Unless you're doing the ring main thing of course.

@ardaxi Eh? How do you put 26 amps through a 16 amp breaker without opening the breaker?

And what's drawing the 10 amps?

@ifixcoinops The 10A comes from the inverter. So the net supplies 16A, the inverter supplies 10A, you end up with a circuit that can draw 26A without tripping the breaker. Breakers as safety feature assume that all the power flows through them in one direction only.

@ifixcoinops The concern is that you could have one wall socket that's got wires rated for 16A loads drawing much more than that because only some of the power comes through the 16A breaker. It's also directly connected to the inverter that's on the same side of the breaker, so it can take power from that too. That gets the wires to the wall plug hotter than you'd like.

Definitely not a thing that's going to immediately burn your house down and it can be done safely if there's enough give, but I still worry about these plug things and whether people know the risks involved.

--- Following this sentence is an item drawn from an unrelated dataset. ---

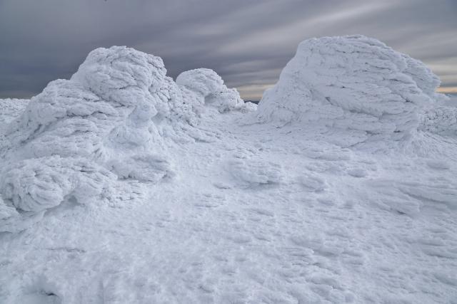 樹氷や霧氷、白き眺望等々、冬山の魅力を間近で感じます。

@ardaxi @ifixcoinops This is one reason why the backfeed limit for these tends to be 800W total in most (230V!) countries where they’re legal. If those 3.5A burn your house down, your wiring was dodgy to begin with - besides, if you’ve got a device drawing 19A on a 16A circuit thanks to the micro-inverter, it should be tripping the breaker when a cloud moves in and it’s all coming from the grid. So this is a little contrived as far as such scenarios go.
@pmdj Fair enough, at 800W it's certainly a lot safer than the 3.6kW you can theoretically push through a Schuko outlet. Though I will say that I've mostly seen these setups with batteries attached and hooked up to the power meter. That kind of ensures that the inverter will do a lot of backfeeding when there's a big load even on cloudy days.
If it's purely a solar inverter it's a lot less likely to cause issues, yeah.
@ardaxi I don't know about NL, but here, even the battery-based no-grid-approval-needed devices are only permitted to backfeed 800W; if they have more powerful inverters, any such load has to be on a downstream AC-out-only socket.
I mean sure, people can probably come up with stupid ways to set up dangerous/illegal configurations, but you don't need an inverter to do dangerous stuff with electricity. (And the grid company might start asking questions if they notice >800W backfeed.)
@pmdj Yeah genuinely the only reason I bring it up is because I consider myself relatively knowledgeable about electricity but I didn't realise this potential danger until it was pointed out to me. Definitely not saying it shouldn't be done, just as long as you're aware of the risk.